Obviously there are factors involved with this that go far beyond what heat maps and stats can show us. Baseball is an incredibly mental game, and once you realize you’re in a slump it can sometimes just drive you deeper into that slump. Statistics also can almost never tell the whole story, and as I mentioned earlier the sample size here is small enough that none of this is much of a predictor for future behavior. There’s a good chance that, on many of the situations mentioned above, Bryce has just gotten unlucky (or heck, maybe even lucky) and thus the heat map doesn’t reveal much. Overall though, when looking at everything in a holistic manner it allows us to construct an idea as to why Bryce is failing where he previously succeeded. We can never know everything for sure, but we know more than we did.
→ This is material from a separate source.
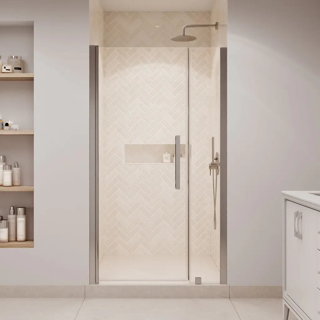 The Ove Decors Pasadena frameless pivot shower door offers the kind of simple, stylish versatility that complements any and all bathroom styles. It has a full-length door-to-wall pivot door mechanism, with premium quality hardware, and includes a 29 in. wide door panel and 10 in. wide inline panel, ideal for an alcove installation. All glass door panels are made from premium 8mm (5/16") thick glass and feature high quality magnetic door strips and engineered hardware that ensure smooth opening and closing and no leaks.Ove Decors 15SGP-PASA43 Features:Ove Decors 15SGP-PASA43 Specifications:

I’ve been hearing for months now that Bryce will be just fine, slumps happen to everyone, he will soon return to form, etc., and I’m not here to disagree with that. Although, I will ask (and I ought add that I am a big supporter of Bryce’s): What if he doesn’t break out of it? Odds are his 2015 will be one of the best seasons of his career, and 2016 (if it continues like this) will be one of his worst, and he will find himself somewhere in between for the rest of his career. It’s just that the deeper he drives himself into this rut the more compelled I am to find the source of problem as best I can, from a purely analytical standpoint.

Love him or hate him, the more that Bryce (and the many young superstars like him) thrives, the more baseball thrives.

(Note: All statistics and heat maps taken from Bryce’s page on FanGraphs.com)